Pour commencer, je suis fédéraliste et le vote irlandais m'a donc profondément heurté. Je fulminais. Mais surtout je veux répondre sur la démocratie. Je crois que lorsqu'un sujet nécessite des connaissances techniques importantes, une prise de décision démocratique n'a pas de sens, sauf entre experts (les passagers d'un avion ne votent pas pour choisir le plan de vol). Il y a quelques années j'ai eu un cancer, et moi et les autres gars du service, dont tous n'ont pas eu la chance d'en sortir, ne votions pas pour valider nos traitements. Nous nous mettions entre les mains de gens qui savaient alors que nous ne savions pas. Alors tu me diras, pour la politique c'est différent. Et je crois que non. Je crois que l'utilisation du droit de vote nécessite, sur des sujets techniques, une compétence technique véritable qui ne s'improvise pas ; ce n'est pas la prose de Monsieur Jourdain. Pour en avoir fait, je peux te dire que le droit communautaire est particulièrement touffu et que, de plus, comme tout droit il nécessite d'avoir intégré un vocabulaire et de nombreux principes sous-entendus. Prétendre, comme certains le font, qu'il serait possible de soumettre un traité "lisible" à référendum n'a pas plus de sens que de prétendre rédiger une version "lisible" de la théorie de la relativité. Entendons-nous bien, je le répète encore, je parle ici de sujets techniques (je serais contre, pour les mêmes raisons, la soumission à référendum de la politique nucléaire de la France, pas parce que je suis un nucléolatre, mais parce que j'ai l'honnêteté intellectuelle d'admettre que je suis à mille lieues d'avoir les connaissances suffisantes pour analyser la question et y apporter une réponse réfléchie, j'aimerais que mes concitoyens aient plus souvent ce genre d'honnêteté qui consiste à dire "je ne sais pas"). Voila pour mon opinion. Comme à mon habitude je vais finir en appelant un grand ancien à mon aide et invoquer les mânes de Rousseau. C'est lui qui à la fin du "Contrat social" après avoir loué les vertus de la démocratie pendant des pages et des pages écrit un forme de conclusion "S'il y avait un peuple de dieux, il se gouvernerait démocratiquement. Un gouvernement si parfait ne convient pas à des hommes", ce qui à mon sens est la réponse à faire à un "NON" qui agrège tant de "nons" différents, souvent en oubliant la question.

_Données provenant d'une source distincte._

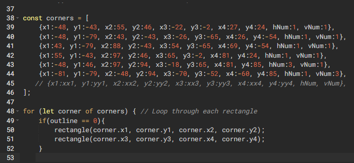 for (let corner of corners) { // Loop through each rectangle
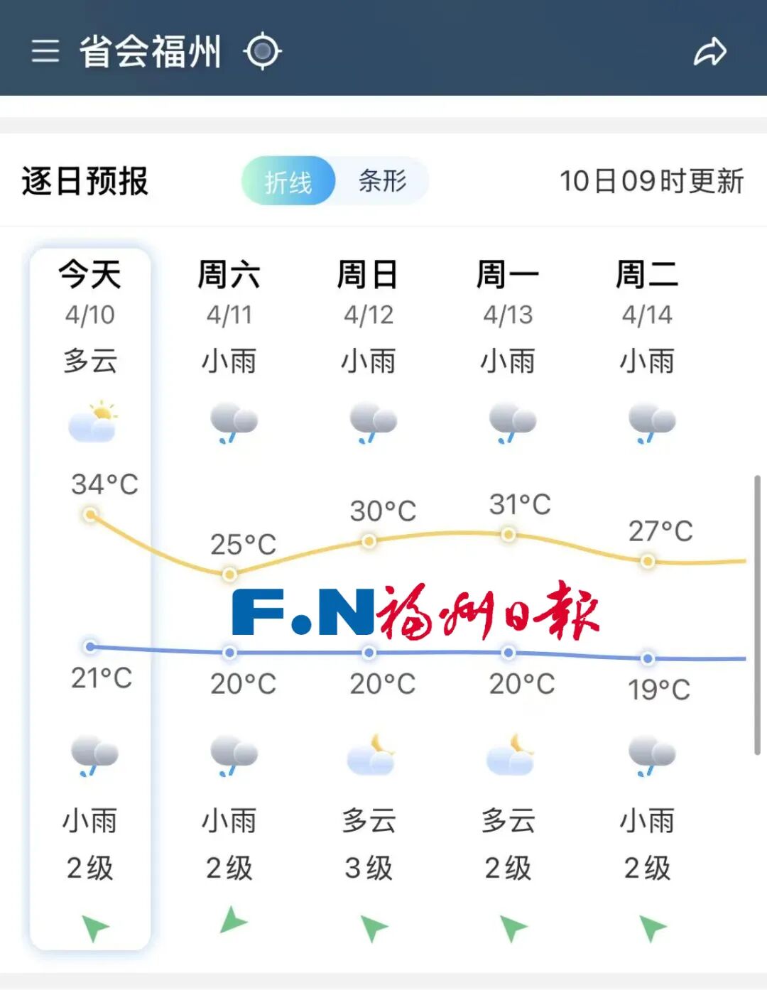 据福州气象,锋面靠近,福州处于锋面南侧暖空气控制下,今天福州各地多云,傍晚到夜里部分地区有阵雨或雷阵雨。白天全市大部地区最高气温在30℃~36℃左右,福州主城区最高气温在34℃左右,不排除出现35℃高温,体感炎热。
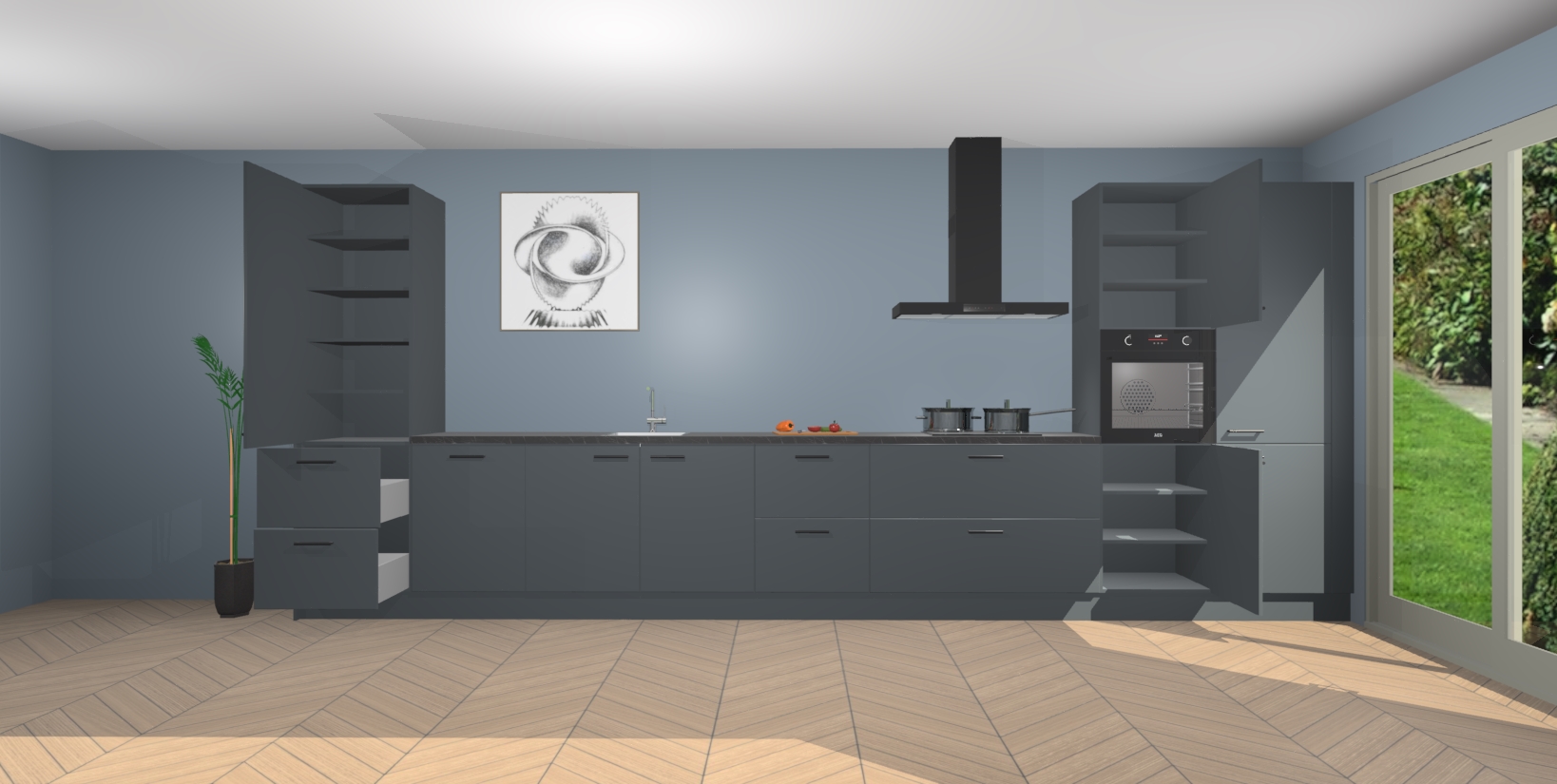 In deze box zijn alle kleuren verzameld van de deuren en werkbladen. Vraag de gratis kleurenbox aan en kijk thuis rustig verder!
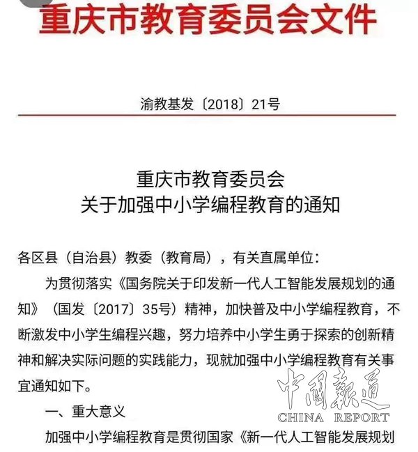2017年教育部、2018年重庆市教委发红头文件明确要求:小学必修36课时,初中必修36课时;2019年全国校长大会受邀参加研讨,2020年教育部发文,明确规定从9月开始,全国大中小学必修3门课程,分别是书法、编程、劳动教育;机器人.少儿编程已是国家发展大趋势;
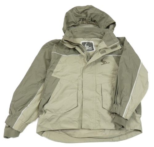 Světlebéžovo-šedá šusťáková lyžařská bunda se snowboardistou a odepínací kapucí Mountainer
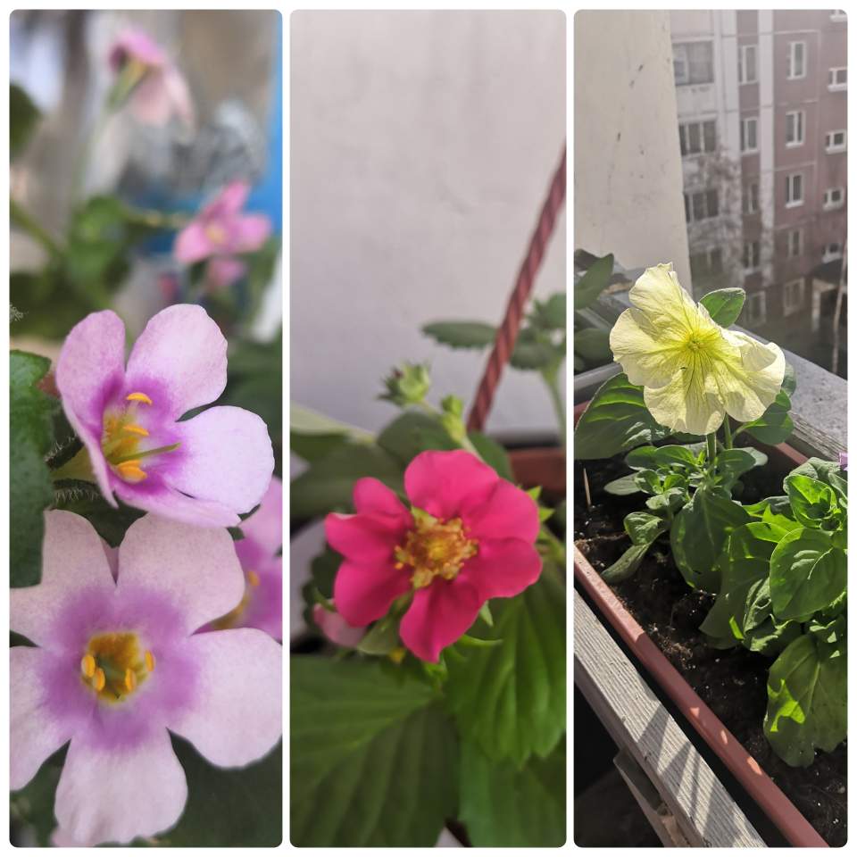 Купила на лоджию рассаду петуньи(надоело мне с ней возиться, как не танцуй - к маю зацветающие кустики не получить, штучек мне надо всего 8,плюс из семян никогда не знаешь точно, что вырастет, вечный кот в мешке, а тут уже выбираю, что нравится и надо), бакопу и кустик декоративной земляники на пробу. Еще там у меня растут лаванда, тимьян и розмарин (цветет уже во всю), розы, по паре кустов огурцов и жгучего перца
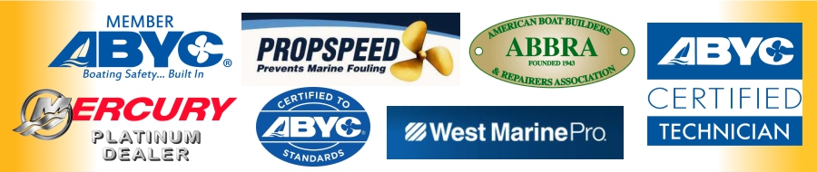 MEMBER ABYC Boating Safety... Built In, Propspeed Prevents Marine Fouling, AMERICAN BOAT BUILDERS & REPAIRERS ASSOCIATION ABBRA Founded 1943, ABYC CERTIFIED TECHNICIAN, MERCURY PLATINUM DEALER, CERTIFIED TO ABYC STANDARDS, WEST MARINE PRO
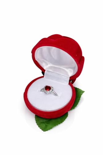 Generic - علبة خاتم مخملية على شكل وردة حمراء، صندوق مجوهرات للخطوبة والزفاف، مع خاتم حجر أحمركريستال
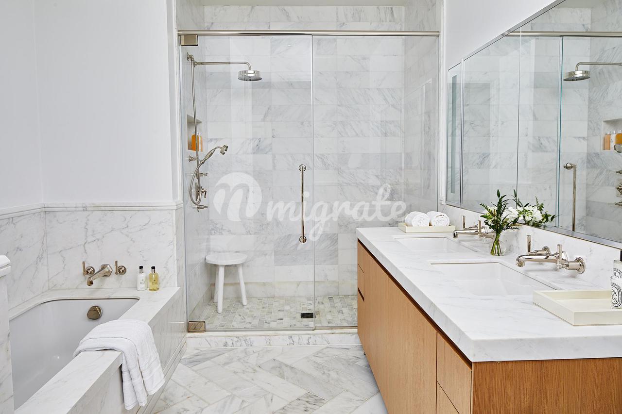 Во второй спальне есть собственная ванная комната. Дополнительная ванная для гостей рядом с фойе отделана эффектной стеклянной плиткой Ann Sacks на фоне элегантного белого мрамора с отдельной ванной для купания, оснащенной светильниками Lefroy Brooks.
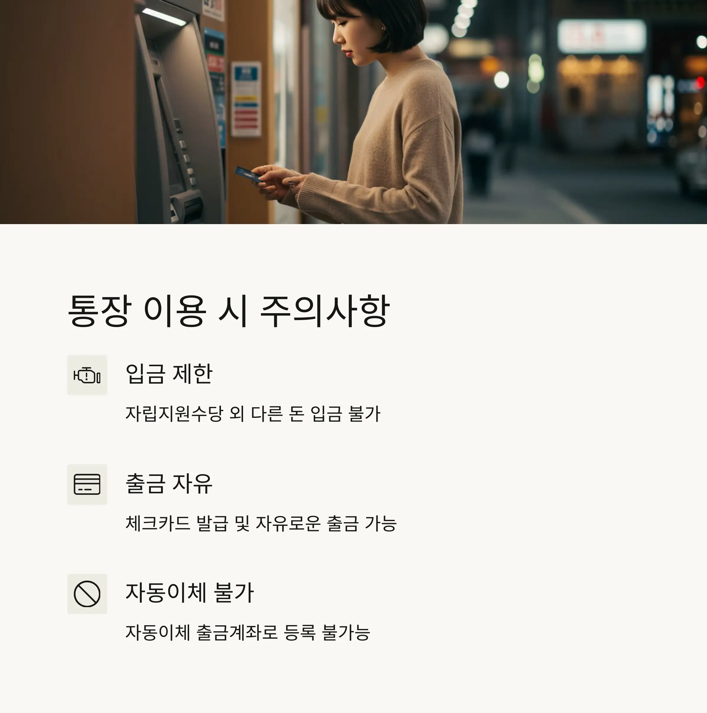 | 입금 제한 | 자립지원수당 등 복지급여 외 다른 돈의 입금 불가 |

PS : Pour Damasio, je vais m'y mettre.

PS2 : Concernant "Mémoire d'un négrier" je n'ai ni écrit ni pensé que tout se justifie par une position dans un engrenage, j'ai écrit et pensé que chaque homme est le produit d'une culture et qu'il est donc malvenu de le juger en utilisant les normes d'une autre culture. Pour Snelgrave, la traite est "normale" car elle fait partie intégrante du monde dans lequel il vit. Il a été éduqué à la considérer comme "normale". Ce n'est justement pas le cas d'Eichmann qui n'a pas grandi dans une société nazie. A mes yeux Eichmann est infiniment plus condamnable que Snelgrave. Il a choisi là où Snelgrave a essentiellement subi (c'est mon côté holiste qui ressort là ;-).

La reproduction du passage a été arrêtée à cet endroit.